To ensure the IPO would still result in a book of long-term investors, the company did not allocate just to the highest bidder.
“Once the company explained their goals for the transaction it became obvious to the entire management and to me that a hybrid auction was the best approach,” said Lise Buyer, the managing partner of Class V Group and an early adviser to Unity.
Unity employees were also allowed to sell up to 15% of their holdings on the first day of trading on NYSE, allowing them to sell at higher prices than if they had sold on the IPO.
Goldman’s order entry platform required investors to register bids with price and number of shares. Those orders could be amended or cancelled until books closed, but messaging from the syndicate to investors was limited to preserve the purity of the auction.
This removed the orders with no price limit specified that large institutions typically place in hot tech IPOs that leave pricing to the judgement of the banks and the company.
The Unity syndicate, which also included Credit Suisse as an active bookrunner, could show the company demand at each price point, how the quality of the book changed with pricing and daily updates on how the demand curve was changing.

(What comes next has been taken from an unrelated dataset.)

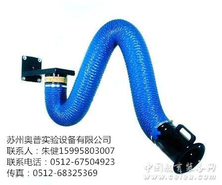 并懸停在理想位置狀態進行煙塵的吸收,不需任何輔助支承設施。 (3)吸氣罩口可以隨吸氣臂360度旋轉,使用更加的方便靈活。無論操作者位于吸氣臂的任何方位,都能將吸氣罩放置到最佳的吸收位置。 (4)柔性吸氣臂與固定式管路系統比較,柔性吸氣臂具有無可比擬的性能優勢,能適應各類無法安裝吸氣管路的復雜工況。

“Both management and board were willing to challenge the status quo and design an offering specifically tailored to Unity’s goals,” said Matt Walsh, Credit Suisse’s head of tech ECM.
“We combined the best parts of each existing alternative to create a structure that provided the demand curve transparency of a Dutch auction or direct listing while still allowing management to choose the clearing price and their new shareholder partners.”
Unity sold 28.75m shares, including greenshoe, at US$52, above the US$44–$48 marketing range that was revised late in the bookbuild from US$34–$42 at launch.
In contrast to the 100%-plus gains seen on eight other tech IPOs in the year, Unity closed day one at US$68.35, just 31.4% above offer.